Melanie Mason, Tribune News Service
Joe Biden has named his onetime rival Kamala Harris as his running mate, the campaign revealed on Tuesday, elevating California’s junior senator as the first woman of colour to appear on a major party’s presidential ticket.
Harris, who centred her unsuccessful White House bid last year on a promise to “prosecute the case” against President Donald Trump, was widely seen as a front-runner to be Biden’s vice presidential pick. With her statewide experience as California attorney general and four years in the US Senate, Harris was among the most conventionally qualified of the half-dozen or so women under consideration in the most diverse crop of contenders ever.
“I need someone working alongside me who is smart, tough, and ready to lead.

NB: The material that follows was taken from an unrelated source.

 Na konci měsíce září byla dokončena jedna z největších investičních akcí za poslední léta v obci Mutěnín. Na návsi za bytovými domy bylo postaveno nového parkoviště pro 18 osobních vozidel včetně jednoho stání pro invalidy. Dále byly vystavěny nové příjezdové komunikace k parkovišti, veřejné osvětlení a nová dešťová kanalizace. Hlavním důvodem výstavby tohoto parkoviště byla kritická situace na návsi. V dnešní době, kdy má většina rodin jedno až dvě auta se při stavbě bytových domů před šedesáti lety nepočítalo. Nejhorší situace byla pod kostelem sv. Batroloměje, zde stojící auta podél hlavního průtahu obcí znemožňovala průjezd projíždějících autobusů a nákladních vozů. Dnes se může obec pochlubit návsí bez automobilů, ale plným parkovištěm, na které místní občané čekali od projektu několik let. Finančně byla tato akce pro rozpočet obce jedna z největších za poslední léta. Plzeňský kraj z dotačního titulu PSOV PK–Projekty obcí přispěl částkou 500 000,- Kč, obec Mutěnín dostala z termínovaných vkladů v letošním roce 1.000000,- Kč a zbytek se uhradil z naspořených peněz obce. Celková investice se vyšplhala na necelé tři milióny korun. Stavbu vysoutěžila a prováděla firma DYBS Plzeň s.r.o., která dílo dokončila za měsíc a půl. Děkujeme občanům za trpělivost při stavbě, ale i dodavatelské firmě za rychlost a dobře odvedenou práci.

Kamala is that person,” Biden wrote in an email to supporters on Tuesday afternoon.
In many ways, Harris, 55, is a safe pick — broadly popular in the Democratic Party and well acquainted with the rigours of a national campaign. But her selection also carries symbolic heft in this moment when race relations are at top of mind for voters, particularly since Harris, who is of Indian and Jamaican descent, had her own highly publicised confrontation with Biden over race during the primary.
“Joe Biden can unify the American people because he’s spent his life fighting for us. And as president, he’ll build an America that lives up to our ideals,” Harris tweeted. “I’m honoured to join him as our party’s nominee for Vice President, and do what it takes to make him our Commander-in-Chief.”

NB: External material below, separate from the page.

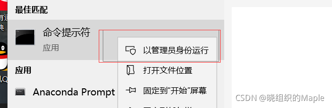 以管理员身份打开CMD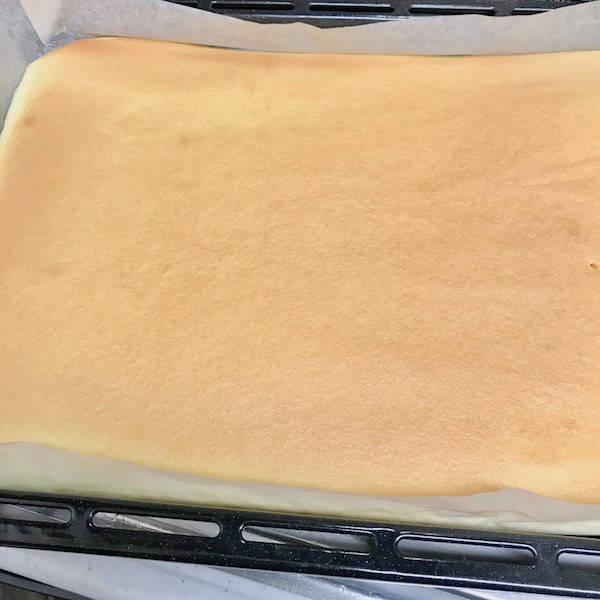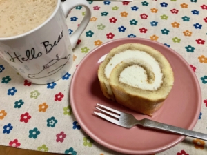 卵を泡だてながらロールケーキにしようか、シフォンケーキにしようか迷いましたが、クリームたっぷりがいいなと思い、ロールケーキにしました。

Despite her strengths, Harris’ selection is not without risk, particularly if the race tightens. She was an inconsistent candidate in her own presidential run, and her record as a prosecutor has at times been a political millstone, particularly as attitudes on law enforcement and mass incarceration have dramatically shifted to the left. While Harris has more forcefully embraced criminal justice reform recently, she faces lingering distrust from some in the party’s progressive faction, including younger voters of colour who did not broadly embrace her candidacy.
While the Trump campaign was quick to paint Harris as an out-of-touch liberal, the president himself appeared a bit subdued in reacting to the pick during a news conference Tuesday evening. He called her his “No. 1 one pick,” but added that he was surprised by her selection because “she did very, very poorly” in her presidential run and she had clashed with Biden during the primary.
His fiercest criticism centered on Harris’ grilling of Supreme Court Justice Brett M. Kavanaugh during his Senate confirmation hearing in 2018, one of several breakout moments she had as a new senator. “She was the meanest, the most horrible, the most disrespectful of anybody in the US Senate” during the hearings, Trump said.
Vice President Mike Pence, appearing at a campaign event at Mesa, Arizona, welcomed Harris to the race with a hint of sarcasm and boos from the crowd. “As you all know, Joe Biden and the Democratic Party have been overtaken by the radical left,” he said. “So given their promises of higher taxes, open borders, socialised medicine, and abortion on demand, it’s no surprise that he chose Sen. Harris.”
Pence and Harris will meet on the debate stage on Oct. 7 in Salt Lake City.
Long considered a rising star in Democratic politics, Harris’ ascent to the presidential ticket has the potential to position her as a future leader of the party, particularly given that, should Biden be elected president, he would be 78 years old when sworn in. Biden, himself a former vice president, said his choice of a running mate would be a “simpatico” governing partner and someone ready to assume the Oval Office on “a moment’s notice.”